Owing largely to the bishops' stance, many pro-lifers argue, sick Texas toddler Tinslee Lewis continues to be at risk of forcible euthanasia. Lewis was born with congenital heart and lung defects and requires a ventilator to assist with breathing. In November, a panel with Cook Children's Medical Center in Fort Worth decided that Lewis fails to meet the quality of life threshold needed to continue treatment, and decided to remove her breathing tube. A last-minute court injunction spared her life, but legal wrangling continues.

Bishop Strickland's refusal to sign the TCCB statement isn't the first time he's stood alone in defense of Church teaching. Earlier this month, while other U.S. bishops stayed silent, Strickland publicly called for an investigation into Catholic Relief Services (CRS), after Michael Hichborn of the Lepanto Institute released a report spotlighting CRS documents encouraging the use of condoms as a means of combating sexually transmitted diseases.

For faithful Catholics, the bishop's uncompromising defense of orthodoxy is inspiring. But some expect Strickland to be targeted by fellow bishops for his stance.

One Texas Catholic told Church Militant, "They're going to barbeque Strickland over this. He's going to need strong support from the laity moving forward."

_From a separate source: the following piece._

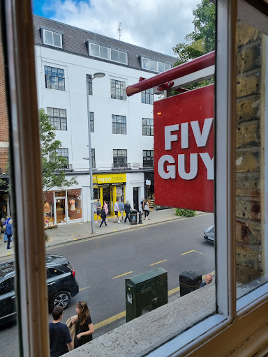 A relatively small branch of the rapidly expanding Five Guys operation. Which is just as well as this is a clinical yet extremely noisy environment, and not that efficient. On my previous visit they "mislaid" my order, and served a large number of later motorbike orders whilst I stood there for nearly 25 minutes. They offered to refund me, by which time the tills were swamped. However speedy the service may be for you, the burger "patties" will probably be slightly burnt, as they are extremely thin. The bacon topping will certainly be burnt to a crisp. I think that MacDonalds is a more reliable experience, considering that a Quarter Pounder with cheese is about a third of the price. If you are thinking that all of this is not very "King's Road," then you are absolutely right, as far as I...

To underscore her point, she pointed to the close of the TCCB declaration, which spotlights Bp. Strickland's dissent:

This statement is signed by all the Catholic Bishops of Texas with the exception of Bishop Joseph Strickland of Tyler. The Diocese of Tyler includes 33 counties in east Texas. Bishop Strickland has expressed the opinion the development of Mass Critical Care Guidelines is not appropriate for the residents of the Diocese of Tyler.

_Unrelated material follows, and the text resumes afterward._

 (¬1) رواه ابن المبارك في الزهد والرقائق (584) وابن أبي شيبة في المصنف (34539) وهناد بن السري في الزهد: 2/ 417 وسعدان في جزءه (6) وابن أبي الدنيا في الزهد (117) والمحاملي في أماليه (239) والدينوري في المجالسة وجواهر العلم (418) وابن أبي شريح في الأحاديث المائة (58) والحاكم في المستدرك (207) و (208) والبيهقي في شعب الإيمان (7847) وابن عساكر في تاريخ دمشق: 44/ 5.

Jim Graham, executive director for Texas Right to Life, echoed this concern for Strickland in a statement to Church Militant.

Jim Graham, executive director of
Texas Right to Life

"What we're seeing play out here is a civil war in the episcopacy. This is a microcosm of the struggle between good bishops and bishops engaging in politics and power instead of spiritual activity," he explained.

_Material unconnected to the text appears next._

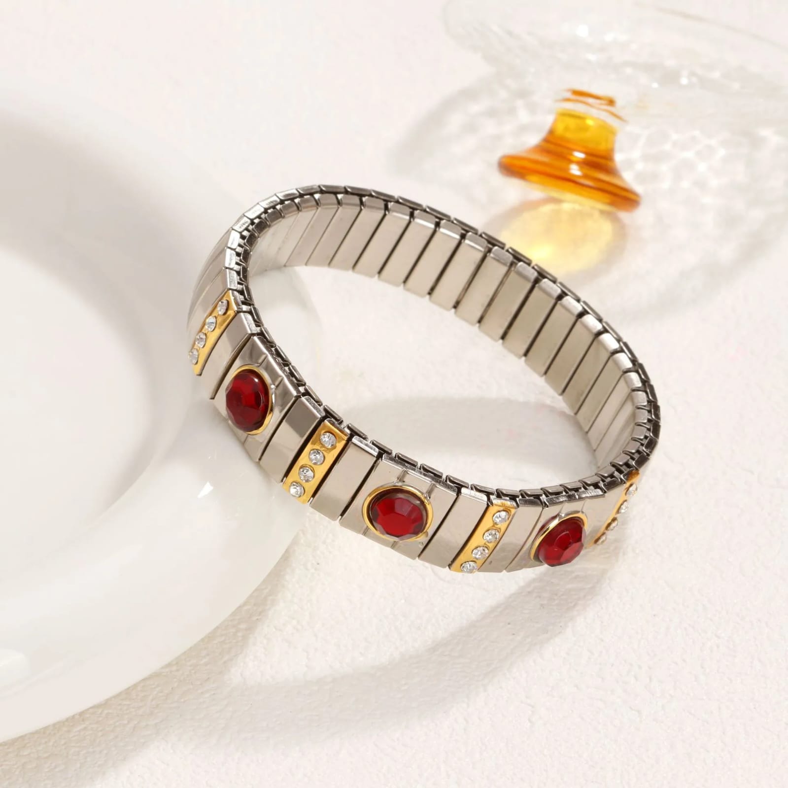 Pulsera elástica de acero inoxidable, incrustaciones de circonias rojas e incrustaciones de mini circonias .

"The chasm is growing between those men who are fighting for souls and the men on the other side who are men seeking power and authority," Graham continued. "I think this is going to provide an opportunity for the true shepherds to rise up and show who they are."

"In this moment of darkness descending right now, several great lights will arise — we will have a few good shepherds to lead us. But this will prove to be the age of the laity," he forecast.

"Bishop Strickland's supporters are worried that he and others like him will be singled out and attacked by establishment bishops and removed from their bishoprics," Graham warned. "So it's up to the laity to back them. Catholics are going to have to come to the defense of the few orthodox bishops in America."